Ideologi komunis yang diusung oleh PKI dan CGMNI pascaPemilu 1955 melakukan konfrontasi kepada partai dan organisasi Mahasiswa lain, terutama perseteruan sengit antara HMI dengan CGMNI. Mahasiswa Indonesia memandang bahwa komunis sebenarnya ingin mengubah dasar negara yang sudah terpancang oleh pendiri bangsa ini menjadi sosialis. Konfrontasi ini direspon oleh mahasiswa Indonesia dengan membentuk Kesatuan Aksi Mahasiswa Indonesia (KAMI) pada 25 Oktober 1966 yang merupakan gabungan dari beberapa elemen mahasiswa yang ada untuk melakukan perlawanan terhadap PKI maupun CGMNI. Kali ini pun mahasiswa Indonesia mendapatkan prestasi yang gemilang dalam membersihkan ibu pertiwi dari pengaruh PKI.

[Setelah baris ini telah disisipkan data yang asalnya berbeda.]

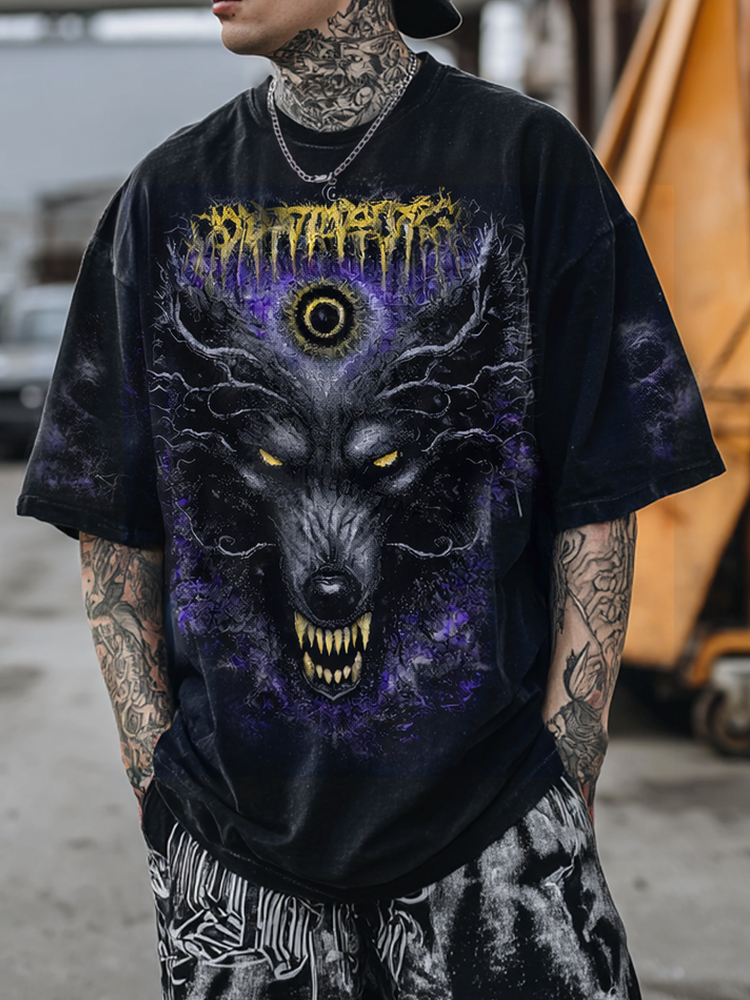 Embrace a bold look with this men's oversized T-shirt, featuring a captivating gothic wolf graphic print. The design showcases an intense wolf head with piercing yellow eyes and snarling fangs, surrounded by an ethereal purple aura, complemented by a distressed washed black background. Perfect for adding a powerful, edgy statement to your streetwear collection.

Era selanjutnya, babak di mana mahasiwa mampu menumbangkan Soeharto sebagai presiden Indonesia yang telah membangun dinasti, serta terkenal menumbuhkan semangan korupsi kolusi dan nepotisme (KKN) di Indonesia. Klimaks perjuagannya pun terlihat dramatis, mahasiswa berbondong-bondong menduduki gedung kura-kura DPR RI. Dimulai dari situ, mahasiswa membuka lembar baru bangsa ini menjadi bangsa yang demokratis akibat reformasi yang bergulir begitu derasnya.
Pascareformasi sampai saat ini, banyak sudah yang dilakukan oleh mahasiswa Indonesia, tetapi hanya berorientasi pada kepentingan organisasinya. Perjuangan-perjuangan ideologis nampaknya sudah tidak diminati lagi oleh masyarakat kita. Hal ini berakibat pada lemahnya dukungan masyarakat pada aksi-aksi yang dilakukan oleh mahasiswa, bahkan aksi-aksi mahasiswa di jalan mendapat kecaman keras dari masyarakat karena menyebabkan macet, dan sebagainya. Minat mahasiswa pada masalah-masalah kemasyarakatan mulai menurun, aksi-aksi demonstrasi hanya melibatkan kalangan elit kampus yang berjumlah puluhan orang.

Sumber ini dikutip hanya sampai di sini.